Rising incomes and mechanisation brought in its wake social tensions. In the hard work that intensive agricultural operations involved, the turban and beard were seen as a hindrance. Sikhs in large numbers took to trimming beards and even smoking.

A district like Amritsar that has a majority Sikh population, became the highest revenue earning district for cigarette companies. 'Pani piyo pump da te cigarette piyo lamp da was a catchy slogan that linked the smoking of 'Red Lamp' cigarettes with water from the 'pump', subtly linked this symbol of the Green Revolution with smoking.

The long hair and beard were not merely external symbols for the Sikhs, but a major part of their religious identity. In travels through Punjab as an army officer, one was always welcomed with open arms. It was also common to share the charpoy and lassi with farmers. During these encounters one frequently heard a lament from the elderly Sikhs that at the rate people were deserting the faith, in a few years time there will be no Sikhs left in Punjab.

The relationship between Sikhs and Hindus is such that the moment a person shaved off his beard and cut off his hair he automatically became a Hindu. Sikh society felt insecure at the assault of this 'modernisation' and feared for the survival of its identity. This feeling was not confined to villages alone, but was commonplace even among the Sikh intelligentsia.

In this situation of fear and foreboding arrived Jarnail Singh Bhindranwale with his single point programme of strict adherence to external Sikh symbols. His campaign against trimming of hair and shaving off beard found a groundswell of support among the Sikh masses. He enforced his diktat with ruthless force. His violent methods brought him into direct confrontation with the State and soon militancy began in Punjab.
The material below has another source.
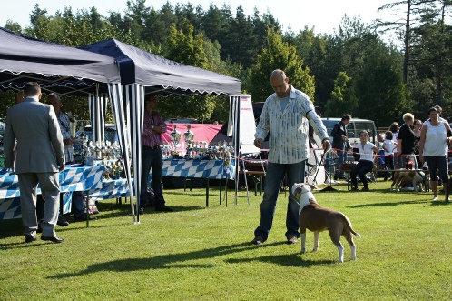 Dit vonden wij een erg knappe prestatie van een hond van slechts 3,5 maand oud. De show was voor honden vanaf 3 maanden tot 2 jaar. Er deden ook veteranen mee (vanaf 8 jaar). Totaal waren er 66 honden ingeschreven.

But 'modernisation', the real threat, is a formless entity so the violence first targeted the Nirankaris, then the government machinery and then the Hindus.
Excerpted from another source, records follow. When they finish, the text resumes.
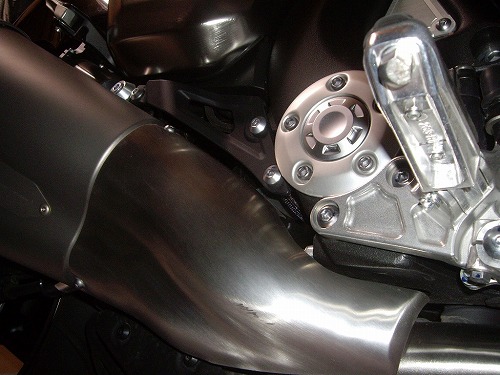 調子乗ってガリガリやってたら、サイレンサーのカバーに擦り傷が…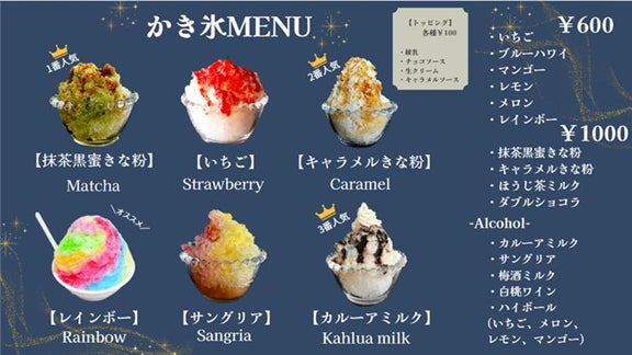 ■アルコール入りの“大人のかき氷”など、メニューの一部をご紹介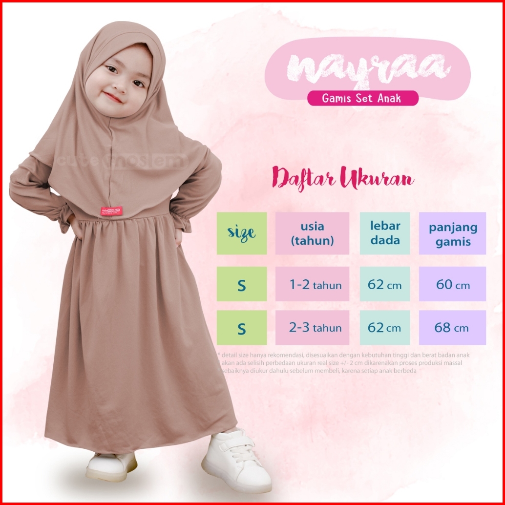 Gamis Set Jilbab Cutemoslem Nayraa Anak S-bahan Airis High Quality

In the final stages the terrorists turned increasingly against the Sikhs themselves and became predatory. It was at this stage that the militants lost support and were finally overcome towards 1993.
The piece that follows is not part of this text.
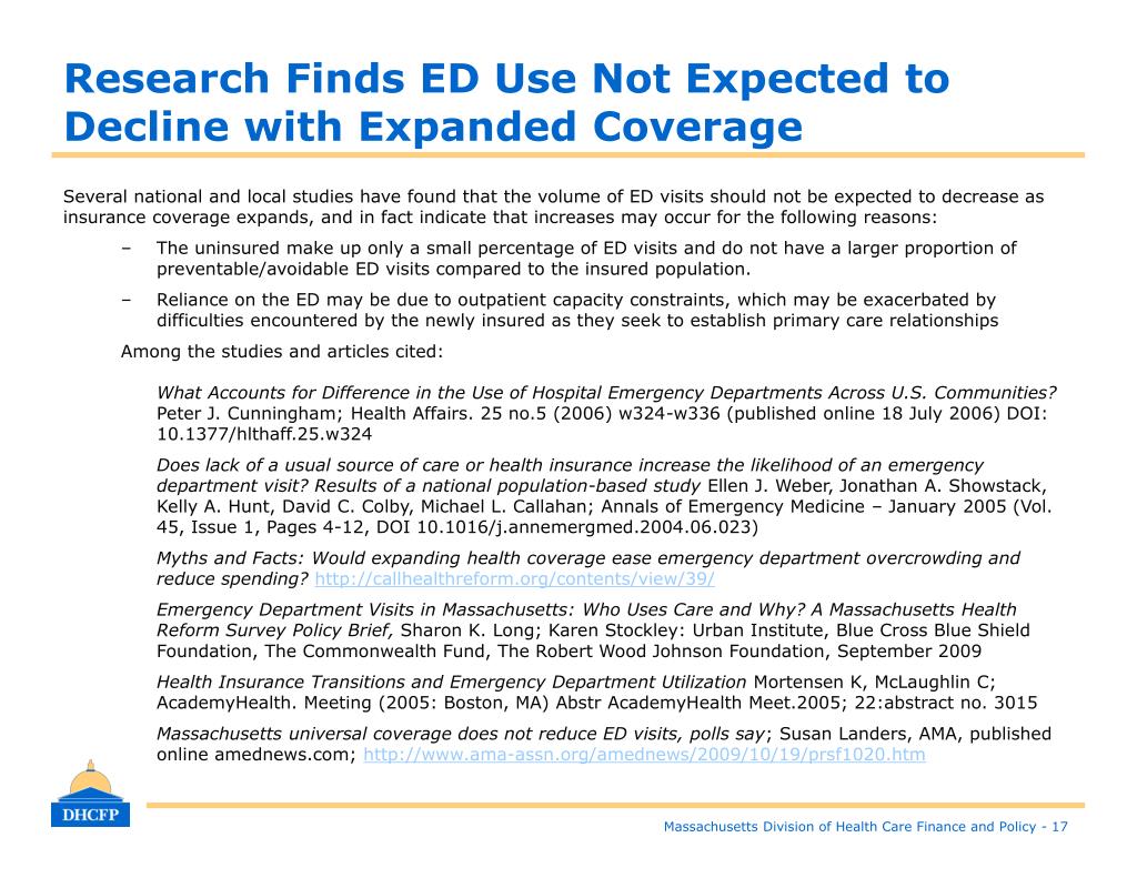 Research Finds ED Use Not Expected to Decline with Expanded Coverage Several national and local studies have found that the volume of ED visits should not be expected to decrease as insurance coverage expands, and in fact indicate that increases may occur for the following reasons: • The uninsured make up only a small percentage of ED visits and do not have a larger proportion of preventable/avoidable ED visits compared to the insured population. • Reliance on the ED may be due to outpatient capacity constraints, which may be exacerbated by difficulties encountered by the newly insured as they seek to establish primary care relationships Among the studies and articles cited:What Accounts for Difference in the Use of Hospital Emergency Departments Across U.S. Communities? Peter J. Cunningham; Health Affairs. 25 no.5 (2006) w324-w336 (published online 18 July 2006) DOI: 10.1377/hlthaff.25.w324 Does lack of a usual source of care or health insurance increase the likelihood of an emergency department visit? Results of a national population-based study Ellen J. Weber, Jonathan A. Showstack, Kelly A. Hunt, David C. Colby, Michael L. Callahan; Annals of Emergency Medicine – January 2005 (Vol. 45, Issue 1, Pages 4-12, DOI 10.1016/j.annemergmed.2004.06.023) Myths and Facts: Would expanding health coverage ease emergency department overcrowding and reduce spending?http://callhealthreform.org/contents/view/39/ Emergency Department Visits in Massachusetts: Who Uses Care and Why? A Massachusetts Health Reform Survey Policy Brief, Sharon K. Long; Karen Stockley: Urban Institute, Blue Cross Blue Shield Foundation, The Commonwealth Fund, The Robert Wood Johnson Foundation, September 2009 Health Insurance Transitions and Emergency Department Utilization Mortensen K, McLaughlin C; AcademyHealth. Meeting (2005: Boston, MA) Abstr AcademyHealth Meet.2005; 22:abstract no. 3015 Massachusetts universal coverage does not reduce ED visits, polls say; Susan Landers, AMA, published online amednews.com; http://www.ama-assn.org/amednews/2009/10/19/prsf1020.htm

This was a tailor-made situation for Pakistan. It intervened with a generous supply of arms and ammunition, and mayhem in Punjab began in right earnest. The US and UK also saw in this an opportunity to destabilise India, their long term goal during the Cold War. The West also used the expatriate Sikhs as instrument of their policy and gave shelter and support to all manner of terrorist groups.

Indira Gandhi saw this as a direct challenge to the very existence of India and decided to act, leading to Operation Blue Star. The rest, as they say, is history.

There is an uncanny resemblance to Islamist terrorism that the world is witnessing today. Like Sikhism then, Islam today is afraid of modernisation and Westernisation. Like Sikh terrorism, the current wave of Islamist terror will also subside once the terrorists turn predatory (like their recent attacks in Syria, Nigeria, Saudi Arabia and Pakistan) and lose popular support. Only then would the world be able to deal with this scourge.

Image: A soldier in a bunker outside the Golden Temple during Operation Blue Star

Colonel (retd) Anil Athale is a military historian and student of insurgency.